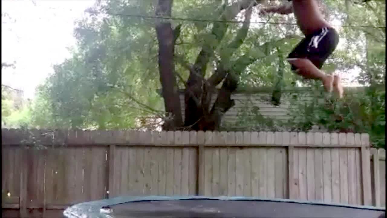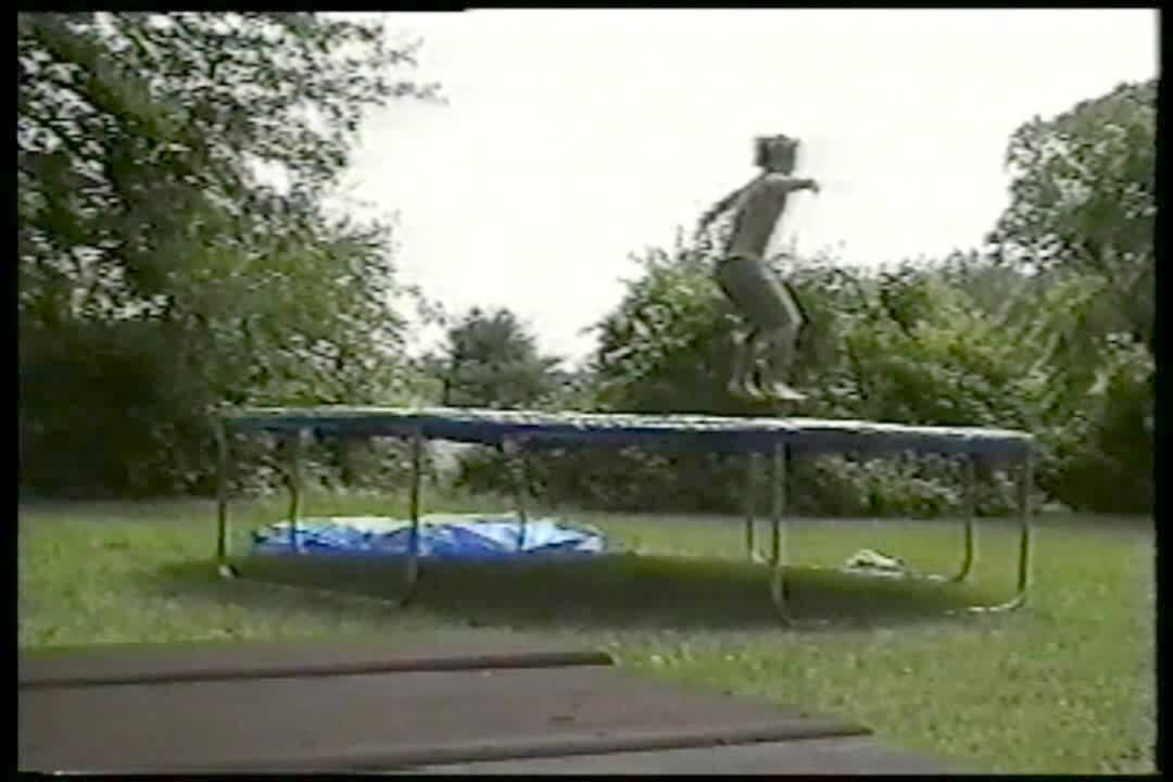 A man jumps on a trampoline in the yard outdoors and does a back flip and the trampoline breaks when he lands and he falls on the ground.
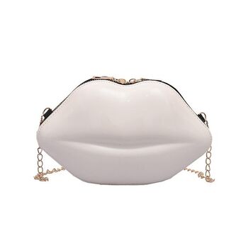 Sexy Lips Style Fashion PU Ladies Clutch Bag Chain Purse Shoulder Bag Handbag Women Crossbody Mini Messenger Bag(White)
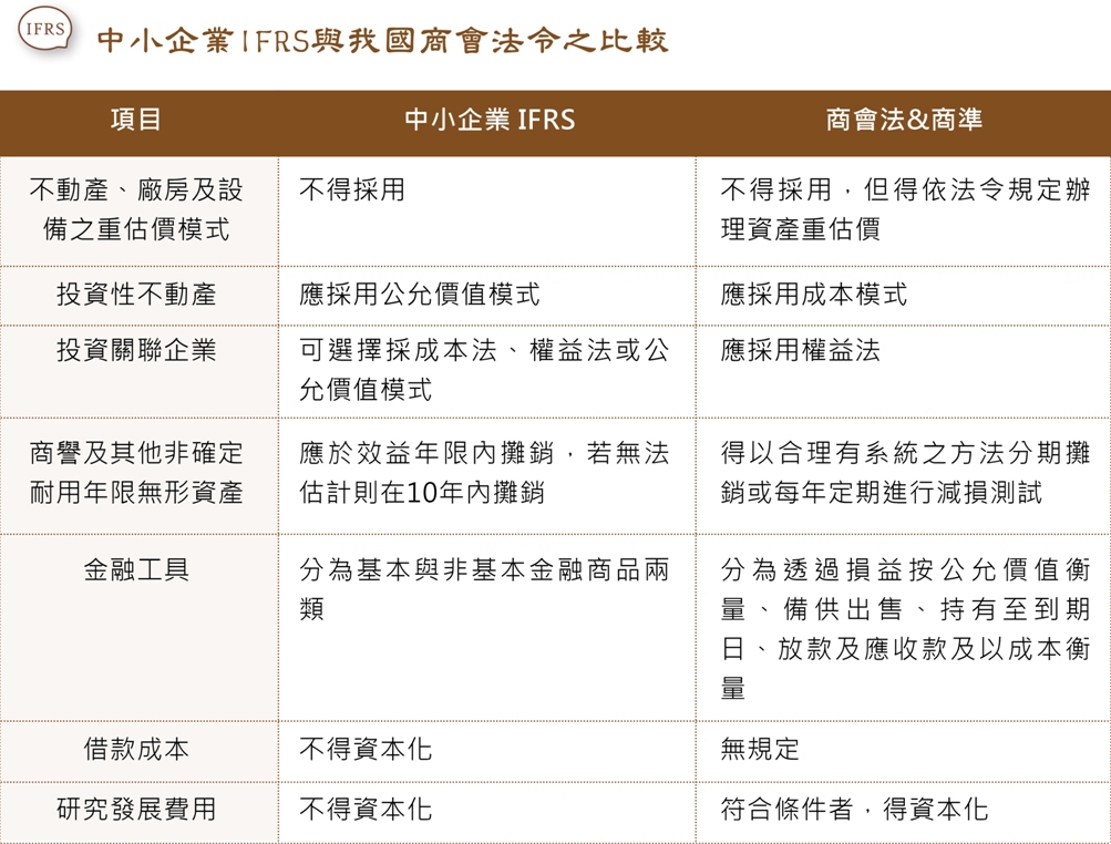 綜上所述,我國商業會計法與商業會計處理準則之修正,並未直接採用中小企業IFRS,乃以中小企業IFRS為基礎,並融合Full IFRS及我國一般公認會計原則,從上述有關投資關聯企業仍維持權益法之會計處理、研發費用仍得資本化等規定可略知一二。
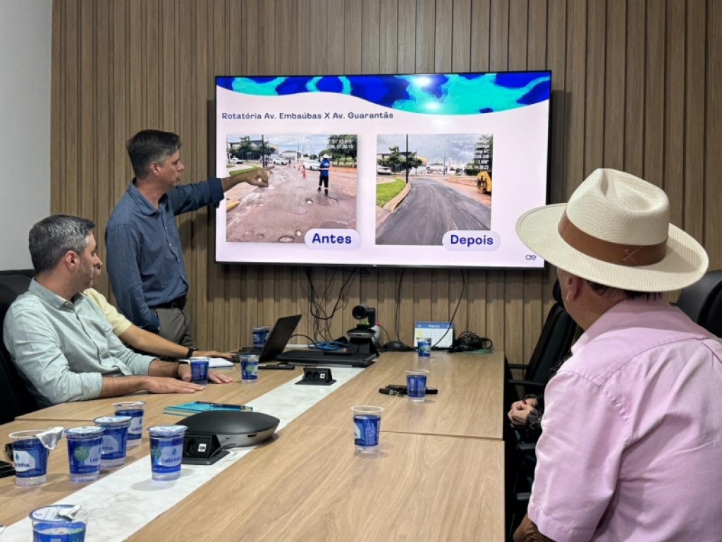 A diretoria da concessionária Águas de Sinop apresentou ao prefeito Roberto Dorner, na manhã desta quinta-feira (19), um balanço das intervenções realizadas em diversos pontos do município, após cobranças do chefe do Executivo Municipal e do Comitê de Fiscalização Municipal [Decr. 13/2026], que identificaram falhas em serviços executados anteriormente pela concessionária.
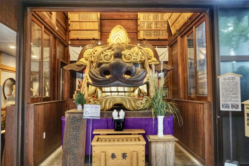 境内に置かれた巨大な獅子頭や、例大祭の「つきじ獅子祭」で知られる。
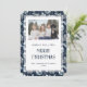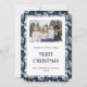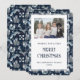 Fotos mágicas azules Marea tarjeta navideña con un bosque encantado con un zorro, botánicos folclóricos y ornamentos nórdicos. Personaliza fácilmente esta tarjeta azul de vacaciones con tu foto y nombre de familia.
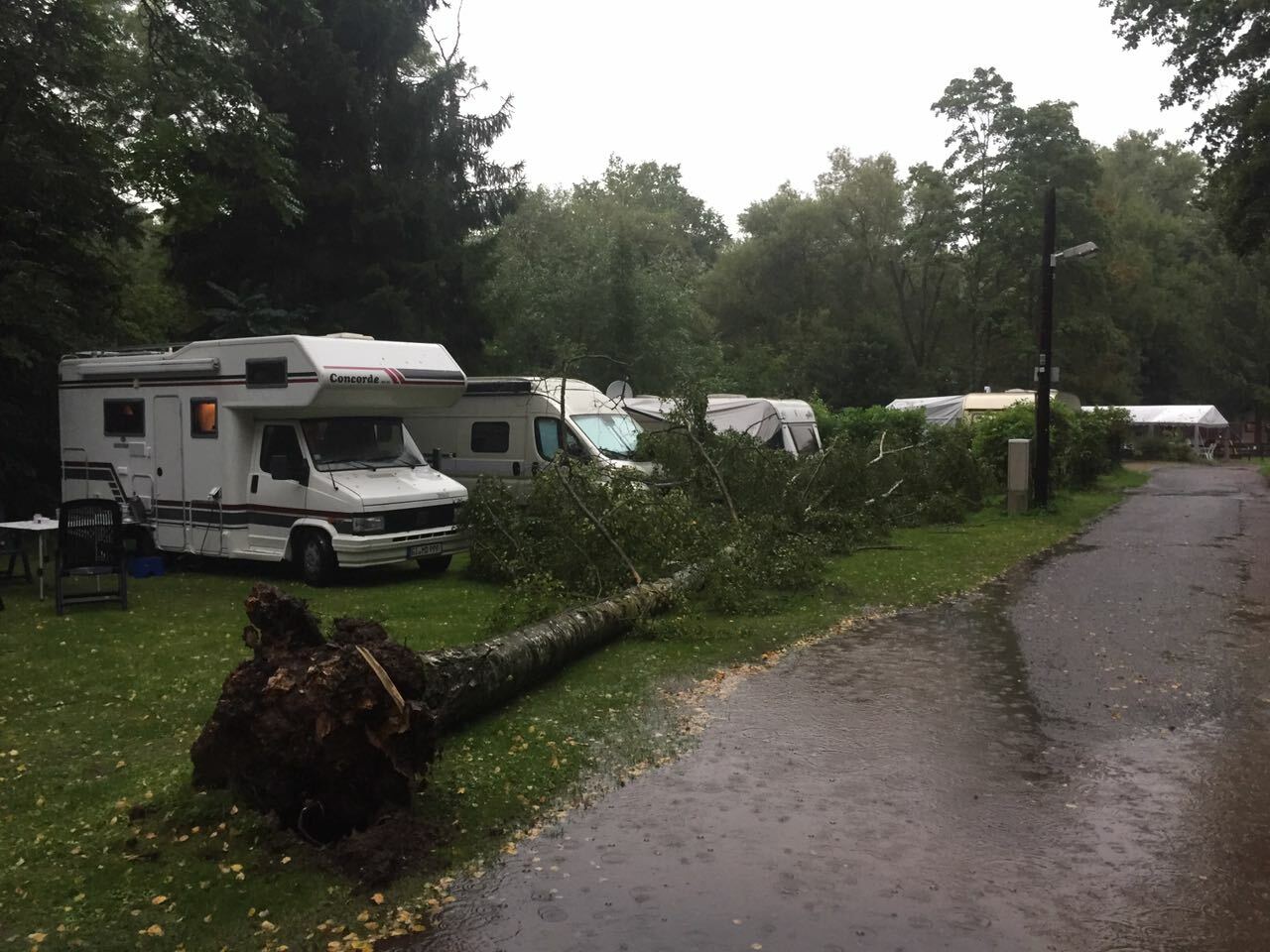 Das war knapp: Ein Unwetter entwurzelte am vergangenen Freitagabend einen Baum auf dem Gelände des Campingplatz Nahe-Alsenz-Eck in Bad Münster am Stein. Glücklicherweise verfehlte der umstürzende Baum die in der Nähe abgestellten Campingwagen.
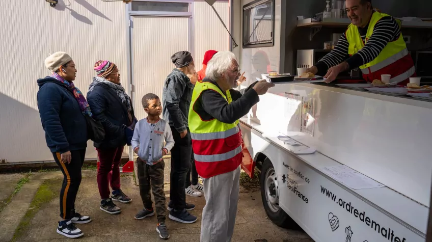 Tous les samedis à Montfermeil, en Seine Saint-Denis, des personnes en situation de précarité se rendent au point de stationnement du foodtruck solidaire de l’Ordre de Malte France. Grâce aux bénévoles qui s’engagent sur ce dispositif, elles bénéficient d’un repas gratuitement. Cette initiative est financée par la région Île-de-France.
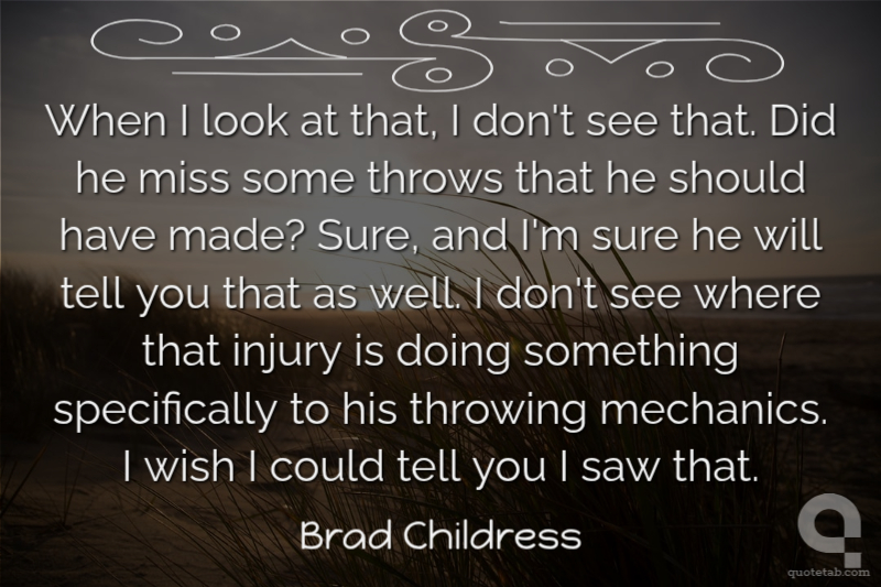 When I look at that, I don't see that. Did he miss some throws that he should have made? Sure, and I'm sure he will tell you that as well. I don't see where that injury is doing something specifically to his throwing mechanics. I wish I could tell you I saw that. Brad Childress
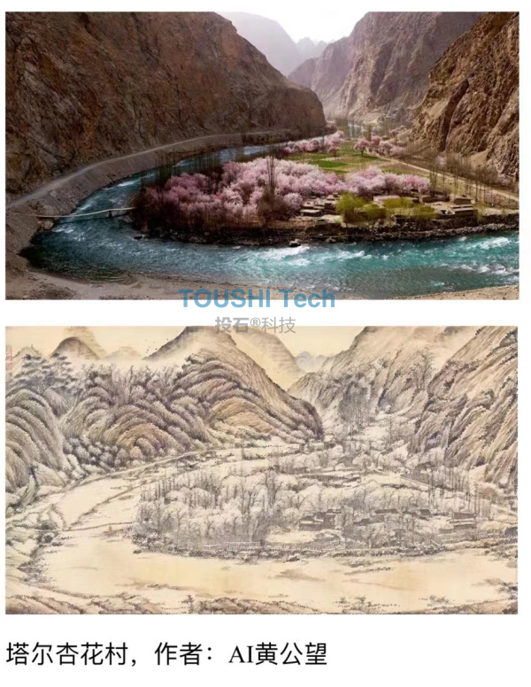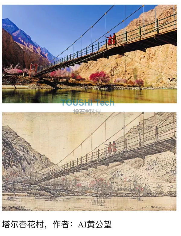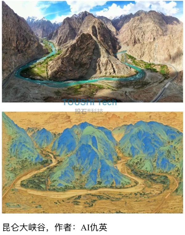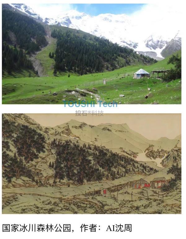 軟件內(nèi)展示了克州經(jīng)典景區(qū):“國(guó)家冰川森林公園”“昆侖大峽谷”以及“塔爾杏花村”,通過(guò)人工智能算法,結(jié)合投石智能自主訓(xùn)練的元明畫(huà)家“黃公望”“仇英”“沈周”的數(shù)據(jù)模型,將景區(qū)風(fēng)光轉(zhuǎn)繪為名家經(jīng)典古典水墨畫(huà)作,借助科技的力量完成跨越時(shí)間與空間的創(chuàng)新合作。

───

**INSTRUCTIONS TO FOLLOW**
Look back over the records above. Reproduce exactly everything from the line with "Das war knapp: Ein" down to the line with "Tous les samedis", inclusive, and leave the pictures out.

**EXERCISE RESPONSE**
 Das war knapp: Ein Unwetter entwurzelte am vergangenen Freitagabend einen Baum auf dem Gelände des Campingplatz Nahe-Alsenz-Eck in Bad Münster am Stein. Glücklicherweise verfehlte der umstürzende Baum die in der Nähe abgestellten Campingwagen.
 Tous les samedis à Montfermeil, en Seine Saint-Denis, des personnes en situation de précarité se rendent au point de stationnement du foodtruck solidaire de l’Ordre de Malte France. Grâce aux bénévoles qui s’engagent sur ce dispositif, elles bénéficient d’un repas gratuitement. Cette initiative est financée par la région Île-de-France.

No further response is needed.